Dear Someone Who Writes In To Advice Columns,

My neighbor in the apartment across the hall and I exchanged keys in case one of us ever found ourselves accidentally locked out. I've reserved the use of her key only for emergencies, but she takes carte blanche with mine—letting herself in for all sorts of reasons. Can I tactfully put an end to the open-door policy, or am I getting all keyed up over nothing?

—Annoyed In Arlington

Dear Annoyed,

I love to have big dinner parties! I find nothing more fun than entertaining a group of people, and all my guests say they have a great time, too. The problem is, these parties have started to put a strain on my pocketbook. Is it okay to ask the friends I invite to chip in a few dollars to help cover the cost of the food and wine?

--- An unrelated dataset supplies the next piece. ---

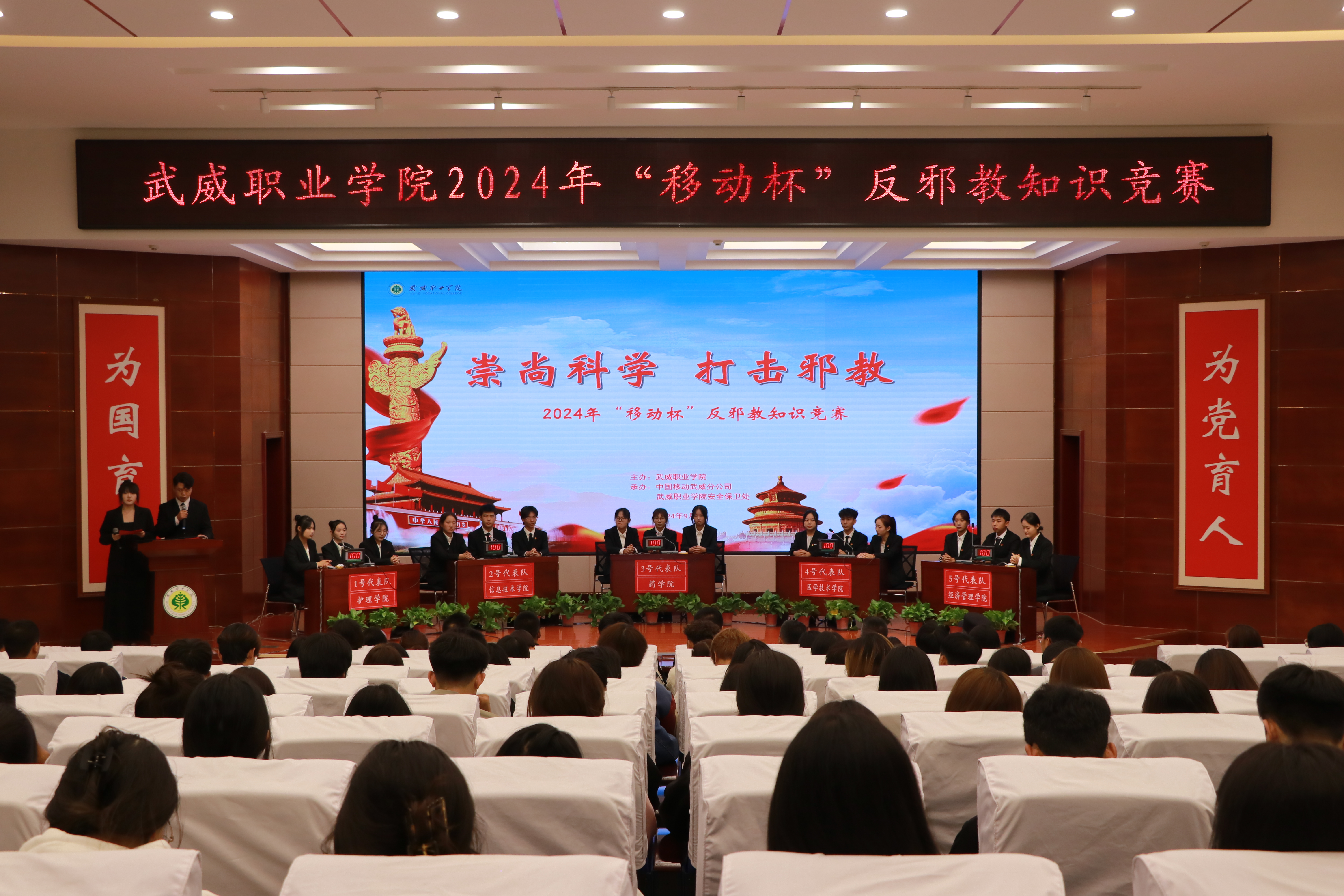 為全面貫徹落實(shí)防邪反邪工作,進(jìn)一步提高廣大師生對(duì)邪教組織反動(dòng)本質(zhì)的認(rèn)識(shí),切實(shí)增強(qiáng)識(shí)別邪教、抵制邪教的能力。9月13日,在學(xué)校菁英廳舉辦了2024年“移動(dòng)杯”反邪教知識(shí)競(jìng)賽。學(xué)校黨委委員、紀(jì)委書(shū)記陳曉煜、宣傳統(tǒng)戰(zhàn)部、學(xué)生工作部、安全保衛(wèi)處、校團(tuán)委負(fù)責(zé)人出席活動(dòng),各二級(jí)學(xué)院200余名師生觀看了比賽。

Dear Someone Who Writes In To Advice Columns,

Our friends have a high-school foreign-exchange student from Russia named Sergei, who my husband and I find simply fascinating. We'd like to invite this young man on a sightseeing trip to Washington, D.C., but we feel bad about excluding the couple's other two children. We can't afford a vacation for five! What should we do?

—Budgeting In Boscobel

Dear Budgeting,

Every time our neighborhood holds a friendly summertime get-together, a certain family down the block never fails to show up with a cooler full of beer. My husband and I are trying to teach our children, ages 14 and 16, that one doesn't need to drink to have a good time. Do you think I should politely ask my neighbors to leave the brew behind, or am I butting in where I don't belong?

Nancy Reese is an avid advice-column reader whose weekly syndicated column, Ask Someone Who Writes In To Advice Columns, appears in more than 250 newspapers nationwide.